It is just SO hard. It's in fact VERY hard to express after all this time has gone by. At one time, I posted like MAD...now I sometimes lurk (as does he)....but to capture and say those words NOW is very hard...
I do not know honestly WHY I an posting so much tonight. I think perhaps this topic's title "complete, with, or without", drew me in.
I must confess, I didn't read the WHOLE thread - too long! lol...
But AsGood...
If there is ANY hope, please do NOT give up, yet at the same time, take care of yourself, and do NOT let yourself be "abused" in any way...

I know the "baloney"...and I know that there can be hope to survive and thrive - with or without...

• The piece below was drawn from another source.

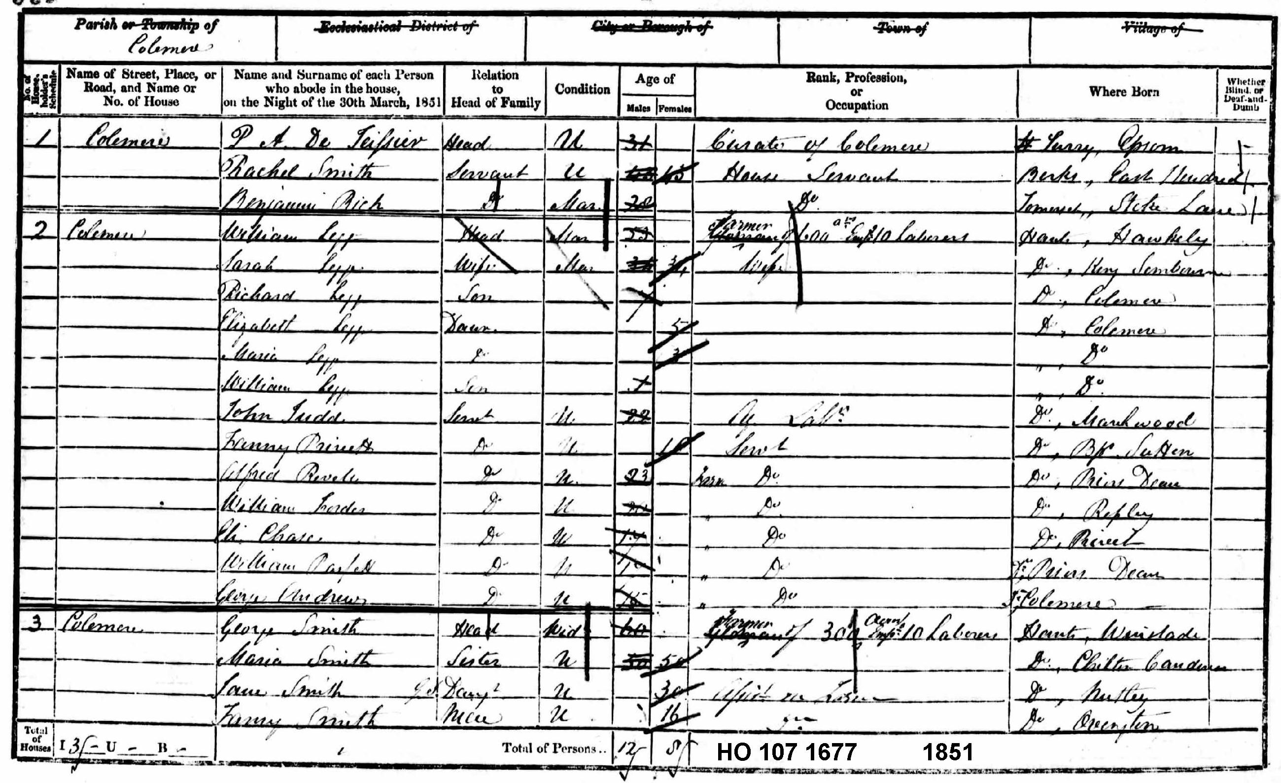 Colemore 1851 Census Returns - Taken on the night of Sunday 30th March 1851

Good luck and hugs and strength to you!
mandm
mandm040@yahoo.com

Hey M040, you must be a musician! The terminology of music seems to come sooo easily to you! You have really gotten to the core issue: you want your H and he wants you. And if that is the case, then a couple is willing to do the work and it can be done, as you said. Sadly, I'm not sure I am number one for my H. His behavior has shown it. Maybe it's fog; I don't know. Worse, he insists he is not number one on my list. It takes arrogance to tell someone how they feel. And denial on his part. This "You've hurt me as much as I've hurt you." Baloney. He can't begin to know how he's hurt me. Enough of that. I can only hope we reach the point of commitment that you and your H have reached. Thanks for sharing and all the best.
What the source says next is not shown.